━━━━━ RECORDED DATA ━━━━━
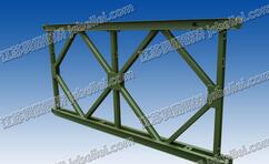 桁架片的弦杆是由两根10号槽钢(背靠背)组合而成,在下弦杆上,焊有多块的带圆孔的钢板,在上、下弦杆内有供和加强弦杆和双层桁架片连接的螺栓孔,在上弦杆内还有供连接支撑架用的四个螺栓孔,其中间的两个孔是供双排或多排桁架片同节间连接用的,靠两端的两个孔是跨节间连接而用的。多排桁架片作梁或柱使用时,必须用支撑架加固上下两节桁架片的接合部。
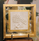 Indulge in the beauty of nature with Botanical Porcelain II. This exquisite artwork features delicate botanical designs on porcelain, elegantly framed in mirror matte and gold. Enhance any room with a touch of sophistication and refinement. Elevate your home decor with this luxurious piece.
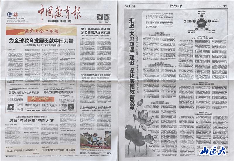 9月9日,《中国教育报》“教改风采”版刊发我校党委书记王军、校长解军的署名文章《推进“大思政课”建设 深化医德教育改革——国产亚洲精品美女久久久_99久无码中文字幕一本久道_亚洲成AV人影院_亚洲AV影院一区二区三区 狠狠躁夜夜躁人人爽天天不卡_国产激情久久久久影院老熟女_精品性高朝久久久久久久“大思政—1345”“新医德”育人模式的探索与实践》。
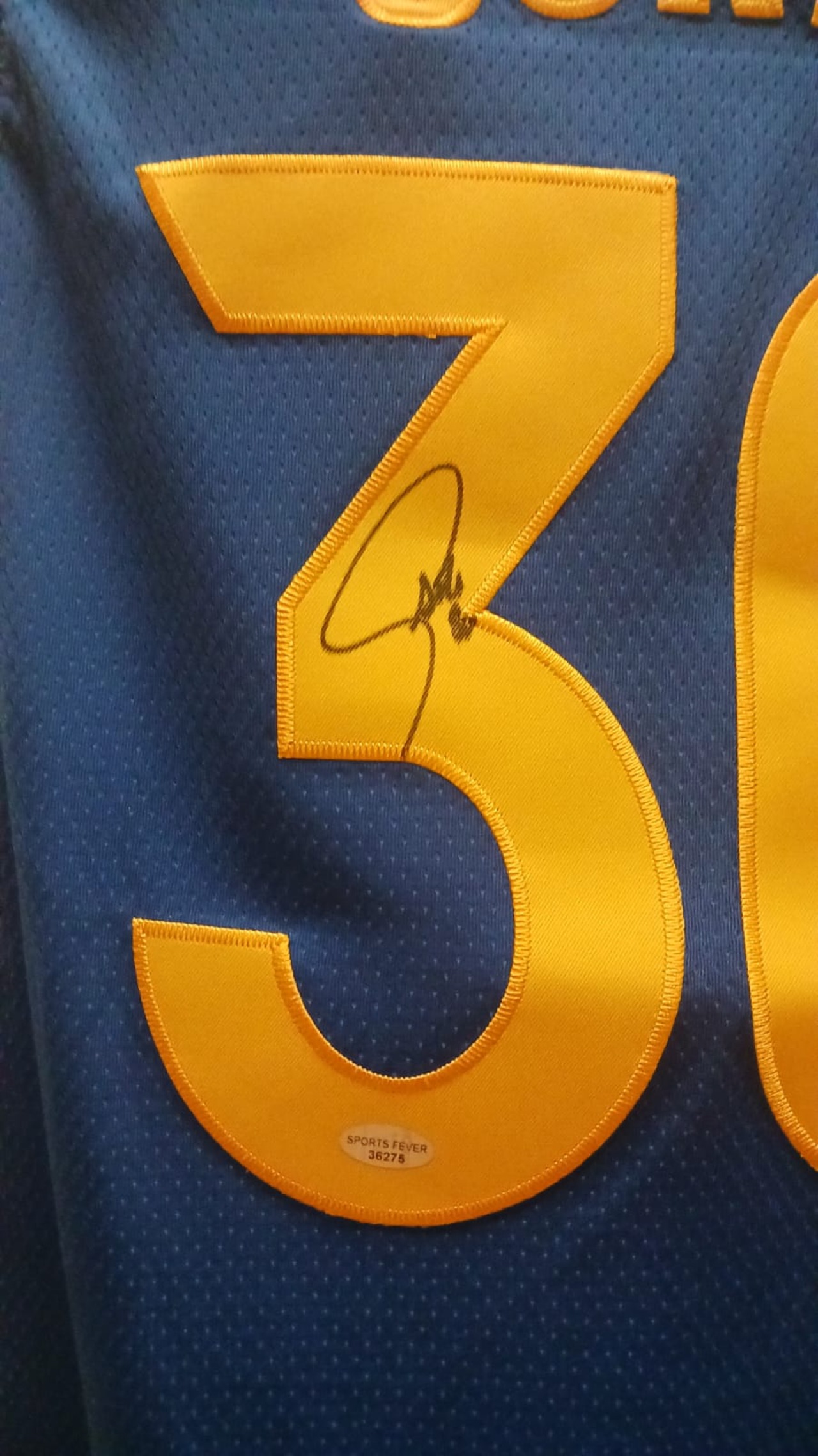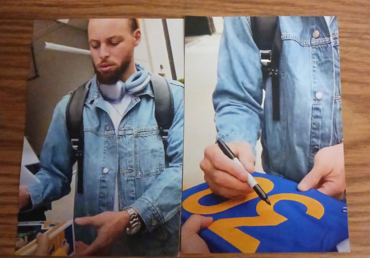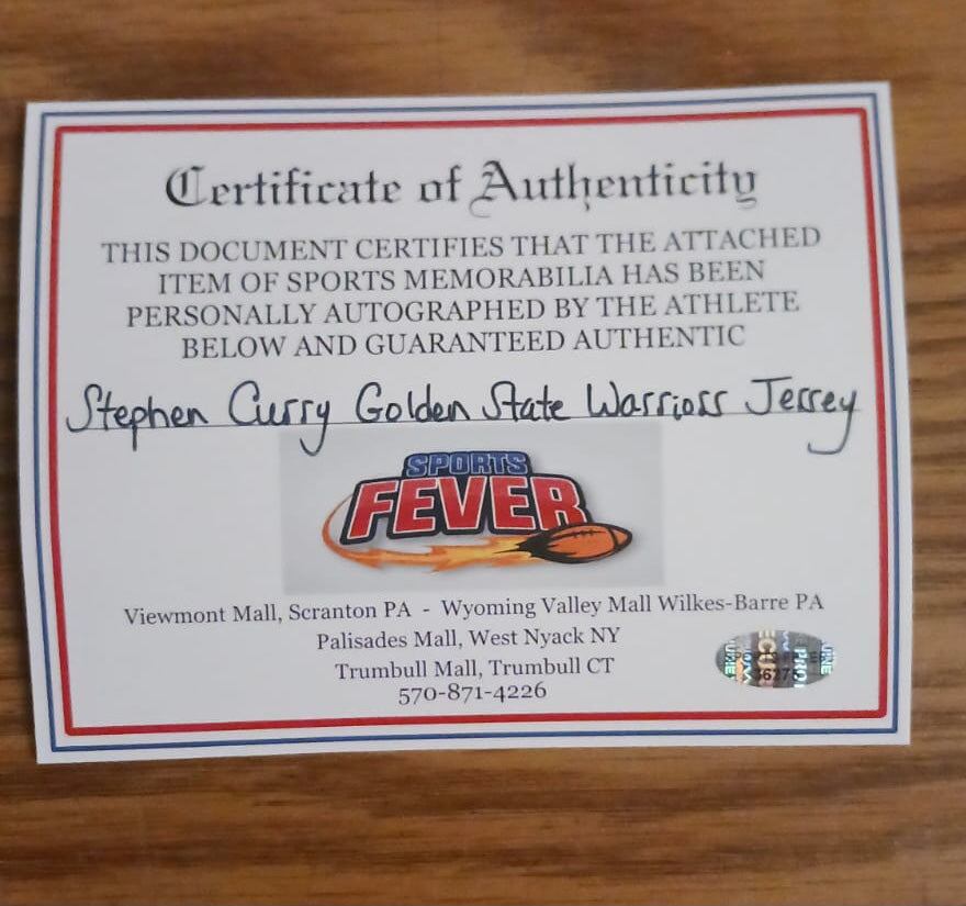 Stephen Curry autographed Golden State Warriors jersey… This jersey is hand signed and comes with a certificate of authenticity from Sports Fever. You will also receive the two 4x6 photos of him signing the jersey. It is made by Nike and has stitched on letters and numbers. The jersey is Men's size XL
━━━━━
*ACTIVITY*. Without any of the pictures, reproduce the listing above exactly.

*ANSWER TO THIS PROBLEM*.
 桁架片的弦杆是由两根10号槽钢(背靠背)组合而成,在下弦杆上,焊有多块的带圆孔的钢板,在上、下弦杆内有供和加强弦杆和双层桁架片连接的螺栓孔,在上弦杆内还有供连接支撑架用的四个螺栓孔,其中间的两个孔是供双排或多排桁架片同节间连接用的,靠两端的两个孔是跨节间连接而用的。多排桁架片作梁或柱使用时,必须用支撑架加固上下两节桁架片的接合部。
 Indulge in the beauty of nature with Botanical Porcelain II. This exquisite artwork features delicate botanical designs on porcelain, elegantly framed in mirror matte and gold. Enhance any room with a touch of sophistication and refinement. Elevate your home decor with this luxurious piece.
 9月9日,《中国教育报》“教改风采”版刊发我校党委书记王军、校长解军的署名文章《推进“大思政课”建设 深化医德教育改革——国产亚洲精品美女久久久_99久无码中文字幕一本久道_亚洲成AV人影院_亚洲AV影院一区二区三区 狠狠躁夜夜躁人人爽天天不卡_国产激情久久久久影院老熟女_精品性高朝久久久久久久“大思政—1345”“新医德”育人模式的探索与实践》。
 Stephen Curry autographed Golden State Warriors jersey… This jersey is hand signed and comes with a certificate of authenticity from Sports Fever. You will also receive the two 4x6 photos of him signing the jersey. It is made by Nike and has stitched on letters and numbers. The jersey is Men's size XL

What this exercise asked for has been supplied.